- AIM OF THE TASK:
Exactly as they stand, repeat the lines from the one containing "图5 2001年6月,我博士" through the final line of the listing, both ends included, and nothing else; skip the pictures.
(INFORMATION SUPPLIED begins)
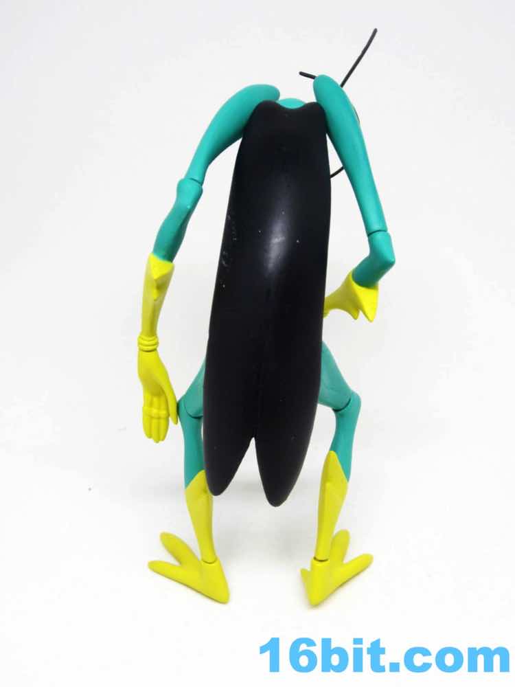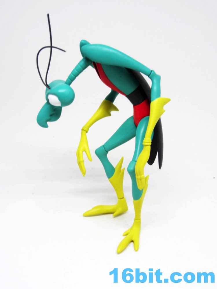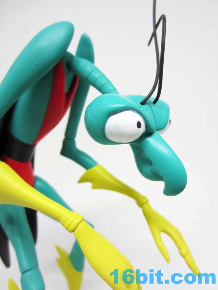 The sculpting is unmistakably Zorak, but the challenge of adapting 2-D art to a 3-D figure is no small one - particularly when you're dealing with limited animation. We all have a very good idea what Zorak looks like, and the outfit color switched between blue (which was more common on the show) and red (which is what the figure went with). Can't win 'em all. The head has the eyes looking up a bit, but the dot size isn't quite right and the mouth/beak is close, but not perfect. Without the lines of the art, it looks a little off. Slightly bigger eye dots and maybe some black lines around the mouth could have done wonders, but seeing this figure created at all, for any reason, is something of a miracle. Getting it right? Well, that didn't happen a bunch in the 1990s. Or 2000s. The unique cut of the gloves, the accordion ribbing of the wrists, even the black mantis wings are all created here in a fashion that's fairly close to the outfit. The tunic on the figure looks more like a vest on the show, complete with a very clear cut in the fabric down the middle of the chest.
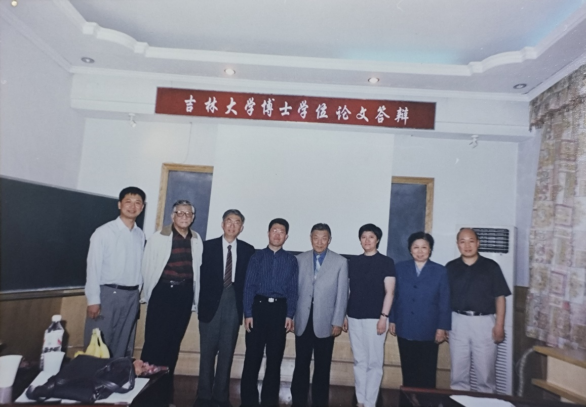 图5 2001年6月,我博士论文答辩后与答辩委员会老师们合影。左起:张希、汤心颐、姜炳政、孙俊奇、沈家骢、迟力峰、周恩乐、杨柏
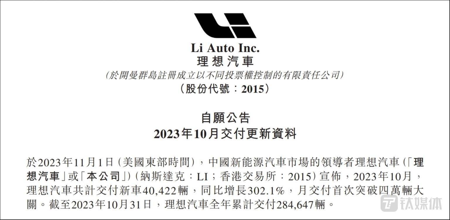 具体来看,今年10月份,共计交付新车40422辆,同比增长302.1%,月交付首次突破四万辆大关。年初以来,理想汽车累计交付284647辆,同比增长165.8%。
(INFORMATION SUPPLIED ends)
- SOLUTION FOR THIS PROBLEM:
 图5 2001年6月,我博士论文答辩后与答辩委员会老师们合影。左起:张希、汤心颐、姜炳政、孙俊奇、沈家骢、迟力峰、周恩乐、杨柏
 具体来看,今年10月份,共计交付新车40422辆,同比增长302.1%,月交付首次突破四万辆大关。年初以来,理想汽车累计交付284647辆,同比增长165.8%。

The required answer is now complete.